Hugs to you, Mama Spohr.
Anna says:
I lost my friend unexpectedly 1.5 weeks ago and have since replayed this song hundreds and hundreds of times because I think it described him perfectly, and it seems like Jackie! was the same sort of person-pure and beautiful.
http://www.youtube.com/watch?v=i41qWJ6QjPI
I saw the most beautiful double rainbow I’ve ever seen in my life a few hours following his funeral yesterday, and couldn’t help but smile as I knew his was smiling his big smile from heaven
Jessie says:
I symptathize more than you could know, and emotionally I’m right there with you. You will find some of that optimism again, it may not be the same feeling, and you won’t be the same person, but you’ll find it, and believe again — although life always throws the bad stuff at us it will also throw the wonderful stuff that helps to build up that belief.
Margaret says:
Heather, i know how you feel in this post. I used to keep count of all the bad things, losing my closest friends,family, battling thru serious illness, trying support those I loved. I’m 51, I stopped counting a long time ago. Its been so hard, too hard. I feel like I wasn’t the mother I wanted to be, the wife I wanted to be because of all the devastating things we went thru. Is that life? Is that what we do, just get thru? I wanted to be myself, the active,happy outgoing, have no fear person. But she’s been gone a long time, and I’m mad, sad, but I feel bad because I should be grateful. Grateful that things aren’t worse? If my loved ones were here, what would they think of me now? I’m just so lost. I’ve lost those who know my past, and I feel like the future is just going to be so small and sad.
racheal says:
Oh Heather, this hurt my heart to read.
I’m not sure what to say, but felt like I needed to say something. Just so you know that there are so many rallying for you. I want to encourage you to find your light, but at the same time, I want to acknowledge your grief. This devastating losses that feels so surreal and so overwhelming and so exhausting. I have had a glimpse of what you have been through, tragic in my own little world but different, and the whole time, I thought to myself, please don’t let me lose me yet wanting so badly to just shove it all in to a hole somewhere and just not try anymore.
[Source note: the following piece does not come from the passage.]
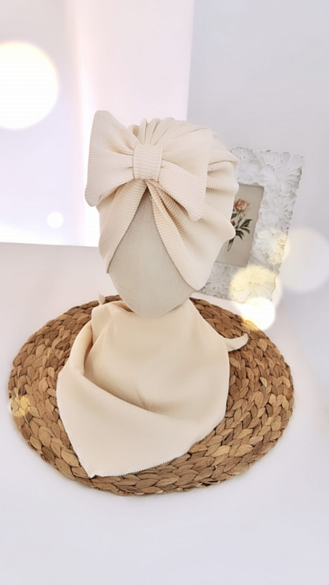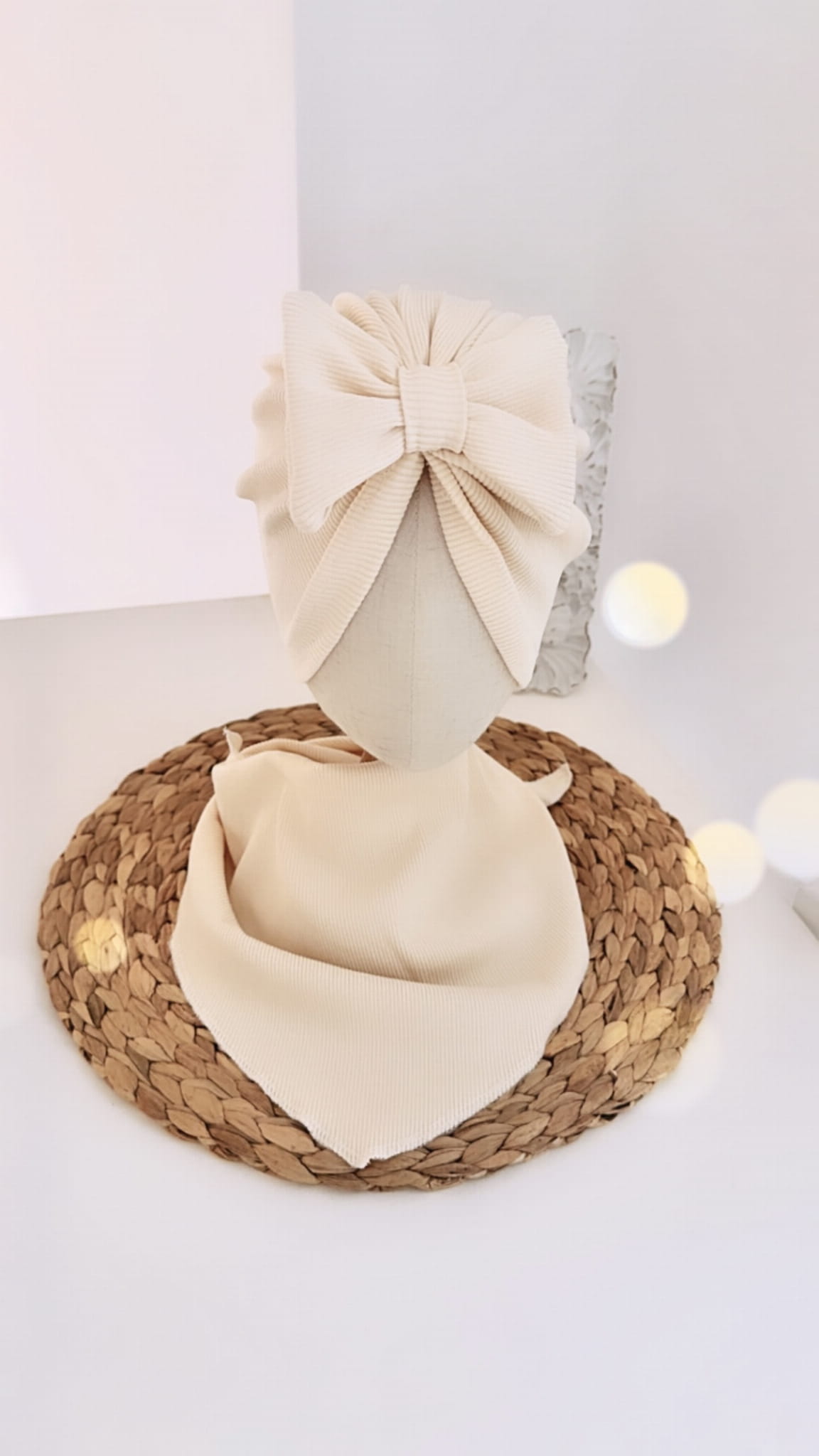 Komplet turban z kokardą i chusta (wanilia prążek)

There are good days and there are bad days. There are days where you are irrationally fearful of all the what-ifs, the could-bes that you are painfully aware that can happen. I don’t have the answers, but I wanted you to know that we’re in your corner. Whoever you need to be.
willikat says:
It’s a lot of grief. A lot. Don’t rush. You will have an easier time “bouncing back” because you are an optimist, but it won’t happen overnight. It takes time to process, even though that sucks. Just keep swimming … you will be forever changed, but it will return.